As you know, the specific heat of a substance tells you how much heat is needed to increase the temperature of #"1 g"# of that substance by #1^@"C"#.

The equation that relates heat absorbed / lost and change in temperature looks like this

#color(blue)(q = m * c * DeltaT)" "#, where

#q# - heat absorbed / lost
#m# - the mass of the sample
#c# - the specific heat of the substance
#DeltaT# - the change in temperature, defined as final temperature minus initial temperature

So, how much heat would be needed to convert #"50.0 g"# of solid ice at #-5.00^@"C"# to solid ice at #0^@"C"#?
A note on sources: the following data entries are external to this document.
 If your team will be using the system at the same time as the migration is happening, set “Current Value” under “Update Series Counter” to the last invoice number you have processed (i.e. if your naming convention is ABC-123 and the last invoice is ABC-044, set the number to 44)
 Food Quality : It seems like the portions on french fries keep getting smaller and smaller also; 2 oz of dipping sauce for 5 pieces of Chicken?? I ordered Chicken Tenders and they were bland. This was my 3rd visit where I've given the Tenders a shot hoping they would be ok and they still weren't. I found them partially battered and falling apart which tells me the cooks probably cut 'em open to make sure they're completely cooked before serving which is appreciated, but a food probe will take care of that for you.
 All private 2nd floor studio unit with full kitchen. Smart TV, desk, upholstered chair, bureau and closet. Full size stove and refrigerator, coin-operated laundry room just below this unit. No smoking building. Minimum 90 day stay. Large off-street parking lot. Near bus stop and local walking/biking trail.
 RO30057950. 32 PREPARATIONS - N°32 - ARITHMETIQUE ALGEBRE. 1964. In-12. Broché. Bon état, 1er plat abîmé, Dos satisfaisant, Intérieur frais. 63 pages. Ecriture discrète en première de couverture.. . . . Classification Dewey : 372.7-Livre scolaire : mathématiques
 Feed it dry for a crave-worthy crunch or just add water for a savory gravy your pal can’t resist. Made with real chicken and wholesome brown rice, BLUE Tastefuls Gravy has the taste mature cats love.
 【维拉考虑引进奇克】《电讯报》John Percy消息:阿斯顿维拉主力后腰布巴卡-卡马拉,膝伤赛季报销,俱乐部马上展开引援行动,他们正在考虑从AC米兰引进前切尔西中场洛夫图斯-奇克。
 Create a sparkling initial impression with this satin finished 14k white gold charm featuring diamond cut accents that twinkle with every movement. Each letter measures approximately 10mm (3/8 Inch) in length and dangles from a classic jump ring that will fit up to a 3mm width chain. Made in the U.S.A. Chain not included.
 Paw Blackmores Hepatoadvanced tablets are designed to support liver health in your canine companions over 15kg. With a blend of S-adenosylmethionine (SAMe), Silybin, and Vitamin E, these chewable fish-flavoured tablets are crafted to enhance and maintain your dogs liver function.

#q_1 = 50.0 color(red)(cancel(color(black)("g"))) * 2.09 "J"/(color(red)(cancel(color(black)("g"))) color(red)(cancel(color(black)(""^@"C")))) * [0 - (-5.00)]color(red)(cancel(color(black)(""^@"C")))#

#q_1 = "522.5 J"#

Now, phase changes always take place at constant temperature. The transition from solid ice at #0^@"C"# to liquid water at #0^@"C"# can be described using the equation

#color(blue)(q = m * DeltaH_f)" "#, where

#q# - heat absorbed
#m# - the mass of the sample
#DeltaH_f# - the heat of fusion for that substance

In your case, the heat needed for this phase change will bee equal to

#q_2 = 50.0 color(red)(cancel(color(black)("g"))) * 334"J"/color(red)(cancel(color(black)("g"))) = "16,700 J"#

Finally, the heat needed to heat the sample from liquid at #0^@"C"# to liquid at #25^@"C"# will be

#q_3 = 50.0 color(red)(cancel(color(black)("g"))) * 4.18 "J"/(color(red)(cancel(color(black)("g"))) color(red)(cancel(color(black)(""^@"C")))) * (25 - 0)color(red)(cancel(color(black)(""^@"C")))#

#q_3 = "5,225 J"#

The total heat needed to go from ice at #-5.00^@"C"# to liquid at #25^@"C"# will thus be

#q_"total" = q_1 + q_2 + q_3#

#q_"total" = "522.5 J" + "16,700 J" + "5,225 J"#

#q_"total" = "22,447.5 J"#

I'll leave the answer expressed in kilojoules and rounded to three sig figs, despite the fact that you only have two sig figs for the final temperature of the sample

#q_"total" = color(green)("22.4 kJ")#